▶ [Data to examine]

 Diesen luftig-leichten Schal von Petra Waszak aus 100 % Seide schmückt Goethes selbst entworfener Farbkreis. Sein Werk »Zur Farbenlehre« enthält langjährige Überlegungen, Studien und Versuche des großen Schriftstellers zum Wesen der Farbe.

--

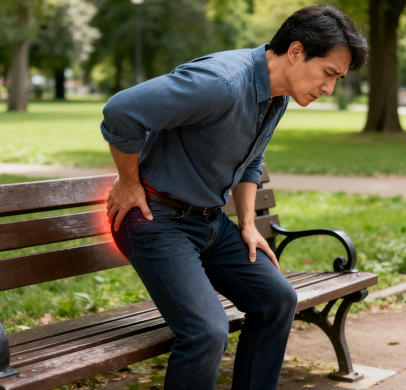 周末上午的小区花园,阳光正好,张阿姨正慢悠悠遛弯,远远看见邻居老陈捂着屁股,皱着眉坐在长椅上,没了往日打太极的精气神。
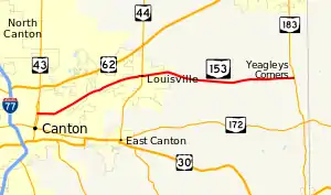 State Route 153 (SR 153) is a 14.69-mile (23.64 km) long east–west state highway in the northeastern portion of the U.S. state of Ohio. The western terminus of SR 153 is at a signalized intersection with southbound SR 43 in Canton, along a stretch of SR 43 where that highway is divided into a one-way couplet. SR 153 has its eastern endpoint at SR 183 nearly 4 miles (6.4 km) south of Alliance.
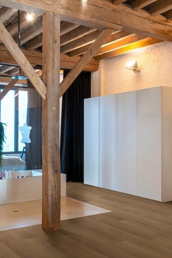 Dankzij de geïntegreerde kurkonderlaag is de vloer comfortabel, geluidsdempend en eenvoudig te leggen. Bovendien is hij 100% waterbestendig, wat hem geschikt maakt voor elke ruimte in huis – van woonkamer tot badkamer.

▶ [Exercise] Quote word for word only the lines above from the one containing "State Route 153" through the one containing "Dankzij de geïntegreerde". Pictures stay out of your copy.

▶ [Solved exercise]
 State Route 153 (SR 153) is a 14.69-mile (23.64 km) long east–west state highway in the northeastern portion of the U.S. state of Ohio. The western terminus of SR 153 is at a signalized intersection with southbound SR 43 in Canton, along a stretch of SR 43 where that highway is divided into a one-way couplet. SR 153 has its eastern endpoint at SR 183 nearly 4 miles (6.4 km) south of Alliance.
 Dankzij de geïntegreerde kurkonderlaag is de vloer comfortabel, geluidsdempend en eenvoudig te leggen. Bovendien is hij 100% waterbestendig, wat hem geschikt maakt voor elke ruimte in huis – van woonkamer tot badkamer.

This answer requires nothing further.